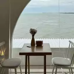 The interior is decorated in a uniform tone of white and brown, and features large windows offering panoramic sea views. It's absolutely stunning! Photography enthusiasts will love this place, with plenty of photo opportunities.
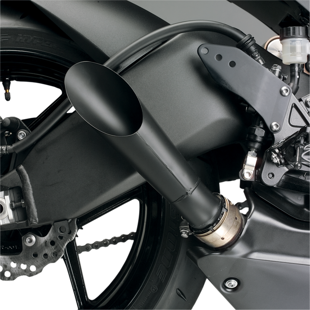 - Moto-GP style slip-on muffler with stainless steel megaphone canister
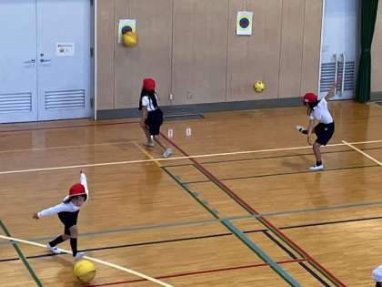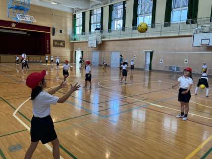 1年生の体育の授業です。ボール投げ・受けに取り組んでいます。
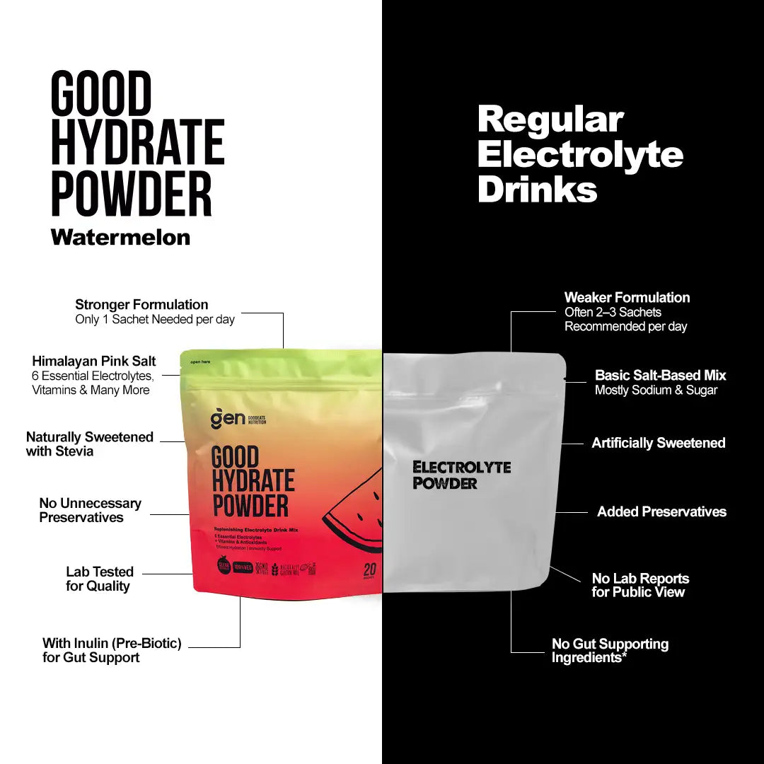 The UAE heat doesn't wait. And neither should your hydration. GoodHydrate has Himalayan Pink Salt, 6 essential electrolytes, Vitamin C, B12, Inulin (prebiotic fibre) and Stevia in a single sachet — designed to replenish what heat, movement, and long days take out.
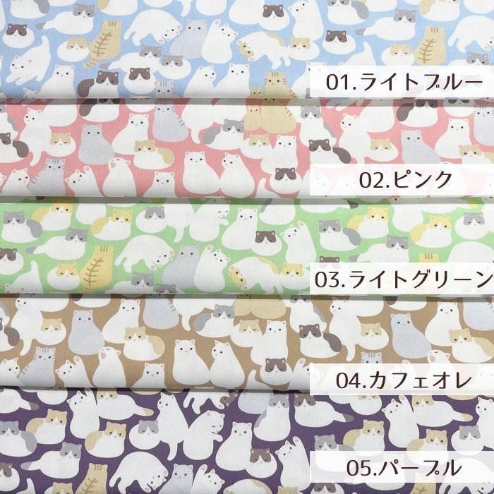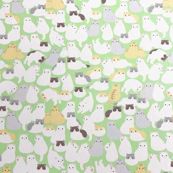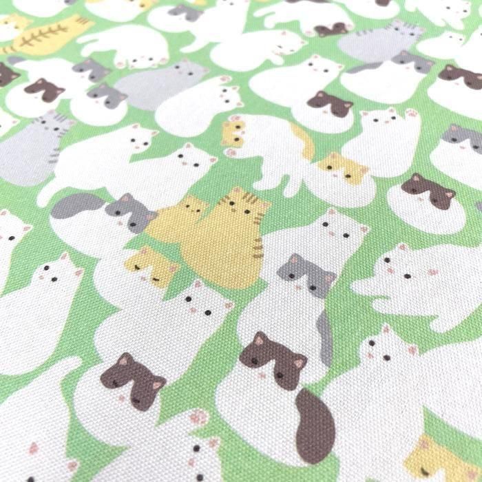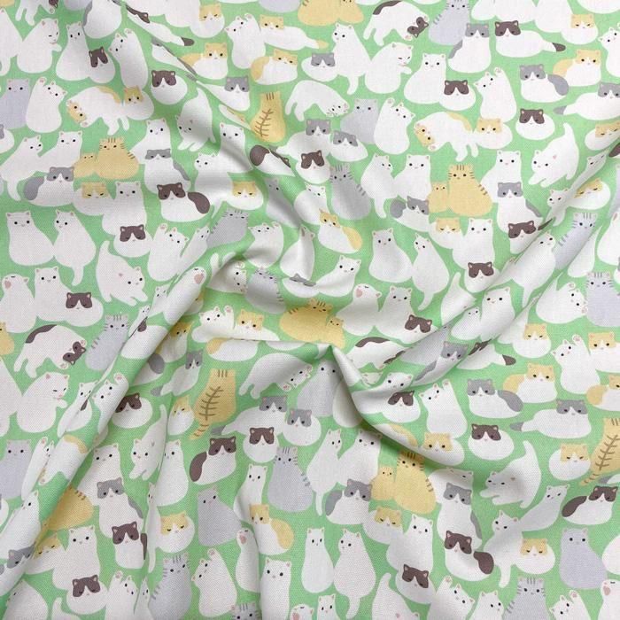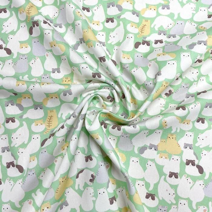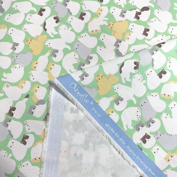 【abeille】もちもちネコ ab100-03-03x(3D-03) 猫柄 かわいい ライトグリーン オックス生地 110cm幅
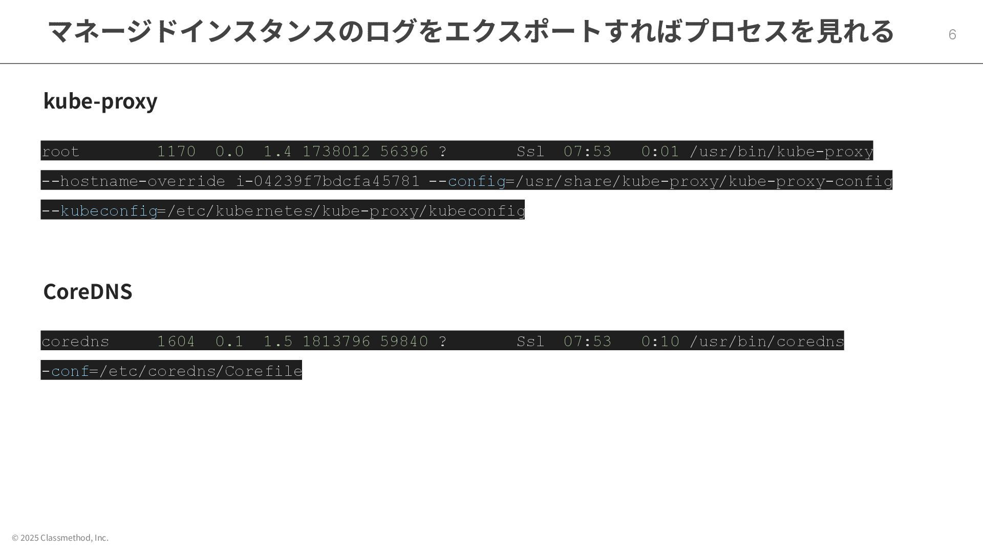 © 2025 Classmethod, Inc. マネージドインスタンスのログをエクスポートすればプロセスを⾒れる 6 kube-proxy root 1170 0.0

------

### What you have to do
Return the data above unchanged. Pictures are not part of the copy.

### Exercise result
 The interior is decorated in a uniform tone of white and brown, and features large windows offering panoramic sea views. It's absolutely stunning! Photography enthusiasts will love this place, with plenty of photo opportunities.
 - Moto-GP style slip-on muffler with stainless steel megaphone canister
 1年生の体育の授業です。ボール投げ・受けに取り組んでいます。
 The UAE heat doesn't wait. And neither should your hydration. GoodHydrate has Himalayan Pink Salt, 6 essential electrolytes, Vitamin C, B12, Inulin (prebiotic fibre) and Stevia in a single sachet — designed to replenish what heat, movement, and long days take out.
 【abeille】もちもちネコ ab100-03-03x(3D-03) 猫柄 かわいい ライトグリーン オックス生地 110cm幅
 © 2025 Classmethod, Inc. マネージドインスタンスのログをエクスポートすればプロセスを⾒れる 6 kube-proxy root 1170 0.0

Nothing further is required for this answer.